March 2020 feels like forever ago. I remember Big Gretch shut everything down. As a food-based business, Sweet Potato Sensations was allowed to stay open for delivery and takeout, but our sales plummeted. The next day, we made $100 in five hours. Normally, we make that in the first 20 minutes. I said to my mom and my sister Jennifer, “This is scary. We need to figure out what we’re going to do.” We let our 15 staff members go that day so they could collect unemployment. We wanted to do the right thing.
We were closed for two months. In the 33 years since my parents opened the business, we had never closed except for two weeks every January for vacation. Jennifer and I both work in the business. I handle the front end, curating the look and feel of the bakery, hiring and training staff, and handling any public speaking events. Jennifer does the back end, cooking and baking, and product formulation. We live together, too, and suddenly we were just sitting at home, not even seeing our parents for the first month.
Other businesses were pausing and pivoting. We needed the pause — I did not know how to safely pivot. Friends were dying, and Instagram felt like reading the obits. We were overwhelmed, anxious about the state of the world and the civil unrest. It was just a lot.
My sister and I started having food delivered through DoorDash. It was shortly after we reopened in May 2020 that a Door-Dasher told me in the bakery that he had made $1,500 in a week. Since it was just me, Jennifer, and my mom working at the business, and we were now only open weekends, my sister and I decided to Door-Dash.
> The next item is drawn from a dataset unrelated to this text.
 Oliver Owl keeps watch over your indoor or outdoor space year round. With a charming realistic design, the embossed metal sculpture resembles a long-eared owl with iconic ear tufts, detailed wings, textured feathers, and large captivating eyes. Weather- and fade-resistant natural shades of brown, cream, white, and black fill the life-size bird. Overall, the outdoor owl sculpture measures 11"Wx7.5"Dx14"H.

We weren’t doing it for the money, though it helped pay household expenses. We were doing it to learn how other businesses were navigating this time. I didn’t think we had all the answers.
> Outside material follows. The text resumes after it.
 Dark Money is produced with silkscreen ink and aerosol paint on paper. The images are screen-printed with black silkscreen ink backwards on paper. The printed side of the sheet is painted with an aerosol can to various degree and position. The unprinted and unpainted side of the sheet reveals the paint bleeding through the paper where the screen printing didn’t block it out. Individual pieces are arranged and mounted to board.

We’ve been around for a long time, but I still take business classes, I still ask questions, and I like to stay relevant. I was curious as a person who owns a substantial business in the city to drive for DoorDash and conduct a sort of undercover marketing study. By Door-Dashing, we could learn what other restaurants were doing to stay safe and how the food delivery was handled to make our bakery better. I’m all about food safety. We downloaded the app, signed up, and after a background check, started driving.
DoorDash is kind of like Super Mario Kart. The app lets you know the hot spots where you can make the most deliveries in an hour and offers surge prices to drivers, like an extra $200 if you make 10 deliveries by a certain time. It keeps you motivated. But Dashing was especially nice for us because it was kind of mindless and kept us from worrying about the business. We would listen to music in the car and laugh between checking out restaurants and delivering food.
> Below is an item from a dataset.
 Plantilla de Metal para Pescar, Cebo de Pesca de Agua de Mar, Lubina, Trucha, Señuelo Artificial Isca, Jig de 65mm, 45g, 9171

We ended up Door-Dashing for around three months, driving around 15 hours a week, maybe more, and made a couple of hundred bucks a night with tips. We would plot out where to go and when to go. While Jennifer circled the block, I would pick up the deliveries and see if they were using plexiglass and wearing PPE, and how they were packaging food and treating drivers. And we saw the difference in the food available in the suburbs and city. Late at night, there is only fast food in the city.
At the height of the pandemic, you didn’t know what the person you were dropping the food off for might be suffering from or dealing with. We also learned some places don’t package the food very well. I always wore a mask and gloves and called people if a substitution was needed, and would text when their food had arrived saying, “This is Prancer, your Dasher.” I would touch the box or bag to give it good energy, and always make sure the bags were secure.
Now our bakery is open again, and when a bag goes out the door, I make sure it’s stapled or sealed with tape. I also can always tell when a Dasher is in the bakery by the way they stare at their phone and the exits, trying to get to the next delivery fast. I try to get them out the door quickly because they earn more if they can make more deliveries per hour.
Once, when a friend heard I was Dashing, she asked me if everything was OK. I told her we were fine. But for a lot of Dashers, this is how they’ve been feeding their families through the pandemic.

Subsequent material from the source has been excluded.